The settlement ensures Tap's exposure to any further related costs or claims is eliminated and provides the company with greater certainty around the value of the Manora development to the company that it has on its books (at June 30, 2015) as $105.7 million.
As part of the agreement, Tap also has been given extended time to pay $5 million worth of cash calls that will now be paid in two $2.5 million instalments on Mar. 31 and June 30.
Drilling & Production — Quick Takes
OGCD asks disposal well operators to reduce volumes
The Oklahoma Corporation Commission's Oil & Gas Conservation Division (OGCD) asked operators of 27 oil and natural gas wastewater disposal wells to reduce disposal volumes following recent earthquakes in the Fairview area.
The disposal wells span an area measuring 36 miles by 20 miles. Plans call for certain disposal well operators to reduce disposal volumes by 54,859 b/d, or about 18%.
OGCD Director Tim Baker said, "The data available indicates that a much larger approach to the earthquakes in that entire part of northwestern Oklahoma is needed, and we have been working on such a plan." He called the plan announced Jan. 13 "part of this ongoing process."
Baker also noted a concern exists about a higher potential risk of earthquakes resulting from numerous disposal wells stopping operation at once because of weather-related power failures. The concern is that all the disposal wells resume full operation at about the same time when power is restored.
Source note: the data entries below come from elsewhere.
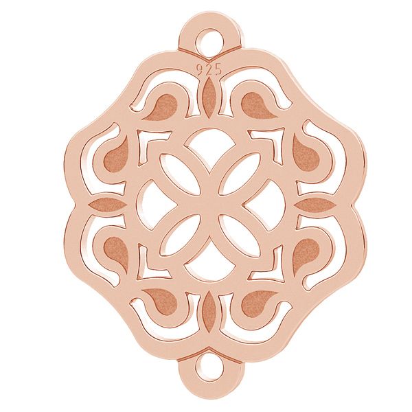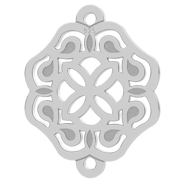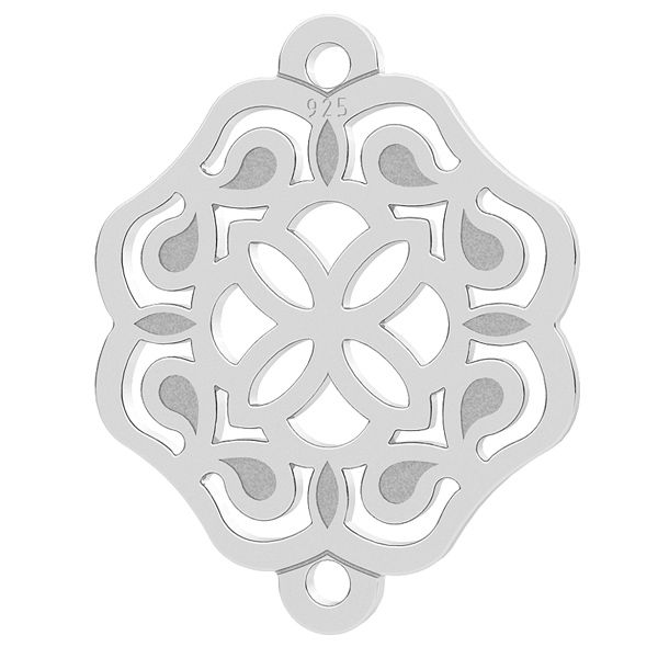 Zawieszka ozdobna rozeta wykonana ze srebra próby 925. Została wykonana metodą laserową ze srebrnej blachy o grubości 0,50 mm. Dobierając jedną z naszych baz do bransoletek lub naszyjników można z niej wykonać delikatną bizuterię.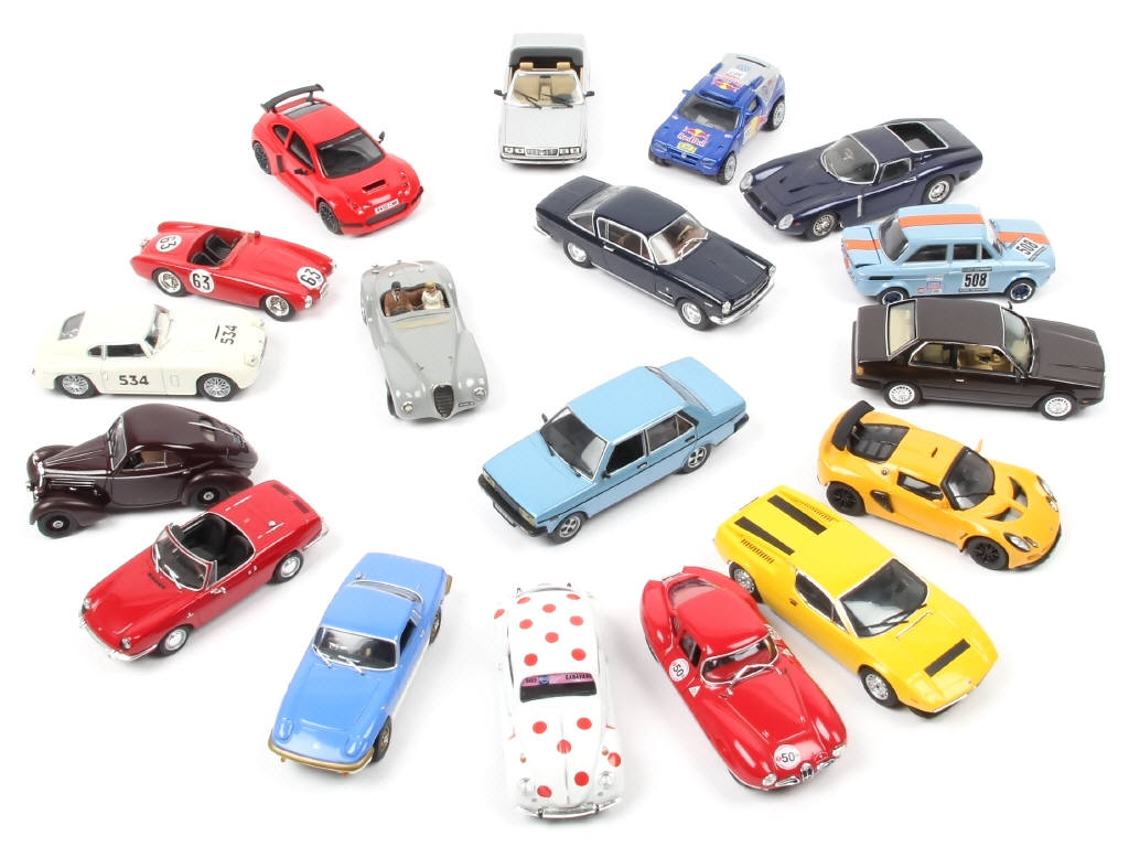 miniatures reproduisant notamment les modèles : ALFA ROMEO, VOLKSWAGEN & MASERATI - on y retrouve notamment les marques : SPARK, NOREV, TOP MODEL & STARLINE - quelques petits manques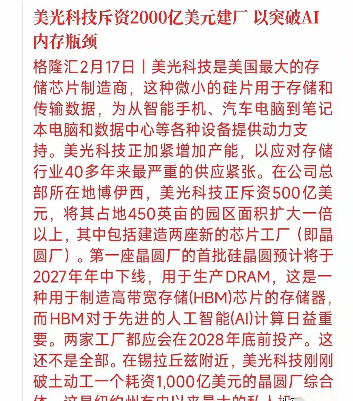 美光科技拆资2000亿美元在美国本土建AI内存储工厂,以解决内存芯片的短缺问题!已解决汽车,手机,电脑,数据中心各种芯片的短缺问题!主要是应对这40年以来内存芯片的短缺局面! 全球主要是因为AI人工智能的发展导致大批量的芯片短缺! Open AI,也正在敲定1000亿美元的投资项目!自从AI人工智能的发展确实会带来更多的技术性的突破!很多大型AI公司加大对AI人工智能的投资!主要是看到未来AI人工智能发展的潜力

Disposal well operators in the Fairview area were advised to gradually restore operations in case of a sudden shutdown due to power failures.
The latest action marks a continuation of OGCD's strategy of monitoring disposal well operations in the deep Arbuckle formation. Oklahoma had about 880 earthquakes greater than magnitude 3.0 in 2015, the Oklahoma Geological Survey said. That compares with 585 recorded for that magnitude range in 2014.
Oxy gets $1 billion from Ecuador after decade-long dispute
Occidental Petroleum Corp., Houston, will receive a $1-billion arbitration award from Ecuador to settle a dispute over the 2006 expropriation of its participation contract for Block 15.
Oxy filed a claim that year seeking reparation for losses following the country's abrupt termination of the company's exploration and development contract and the immediate confiscation of the company's Amazon oil field operations on Block 15 (OGJ Online, May 19, 2006).
The two parties reached an understanding in November 2015 through the International Centre for Settlement of Investment Disputes. Ecuador has made initial payments of $200 million to Oxy, with full payment expected this year.
Oxy ended 2015 with $4.4 billion of cash on hand.
Prior to the seizure by Petroecuador of Block 15 and Oxy's Eden-Yuturi, Limonchcha, Indillana, Paca Norte, Paca Sur, and Yanaquincha fields, Oxy had produced 100,000 b/d from the blocks, 42,000 b/d net to its interest.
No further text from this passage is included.